For the sake of learning, read what “biracial” means here. To be clear, most people are not a pure race. Most folk are of mixed race heritage with the DNA from another race swirling around in their blood; just ask Henry Louis Gates from Finding Your Roots. By the way, when someone says, “I am bi-racial” it does not mean they aren’t claiming their blackness, well unless you are talking Tiger Woods, but for the rest of us, it simply means we are claiming both of our parents; the White and the Black one. Does that make us not Black? Should we only tell folk about the Black parent to keep our “Black card”? I am asking for all the mixed race people in the world.

In 2019, it is stunning to hear my own people judging within the Black community because of skin tone. We have enough to fight or be defensive about. Aren’t you tired of this? Too many are still carrying anger, jealousy and hurt because of skin tone; and it shows in our talk, our views and the way we treat each other. I have found that the more unhappy a person is in their own skin, the more they look outside themselves to attack or demoralize others.
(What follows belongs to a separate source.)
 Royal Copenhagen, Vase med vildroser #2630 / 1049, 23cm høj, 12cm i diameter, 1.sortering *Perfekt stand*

Happy people, with high self-esteem and in pursuit of a life of meaning and progress, just don’t normally have time for it. We have to recognize this in ourselves.
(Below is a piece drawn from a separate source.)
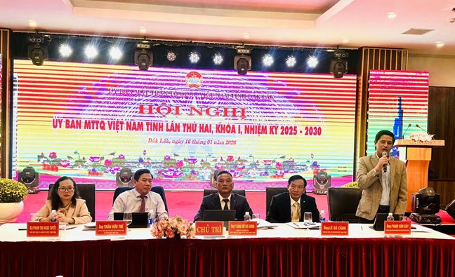 (Mặt trận) - Sáng 16/1, Ủy ban MTTQ Việt Nam tỉnh Đắk Lắk tổ chức Hội nghị Ủy ban MTTQ Việt Nam tỉnh lần thứ Hai, khóa I, nhiệm kỳ 2025 – 2030. Hội nghị đánh giá kết quả công tác Mặt trận năm 2025, thống nhất Chương trình phối hợp và hành động năm 2026; đồng thời biểu dương, khen thưởng các tập thể, cá nhân tiêu biểu trong phong trào thi đua yêu nước giai đoạn 2020 – 2025.

If your hope is that you not be judged because of race and that white people not devalue your worth because of your skin tone-you should want the same for your own people. If the Klan, a neo-Nazi, a Republican wearing a “Make America Great Again” hat, or any other racist sees you or me walking down the street, we will both be viewed the same. They see us as Black. I suggest we do the same and embrace each other. Divided we fall, but together we can conquer the world, or at least conquer ignorance and move forward to a higher intellectual, financial and emotional ground.

All of our Black is beautiful and worthy. The day we start believing this, is the day we will stop with the colorism nonsense.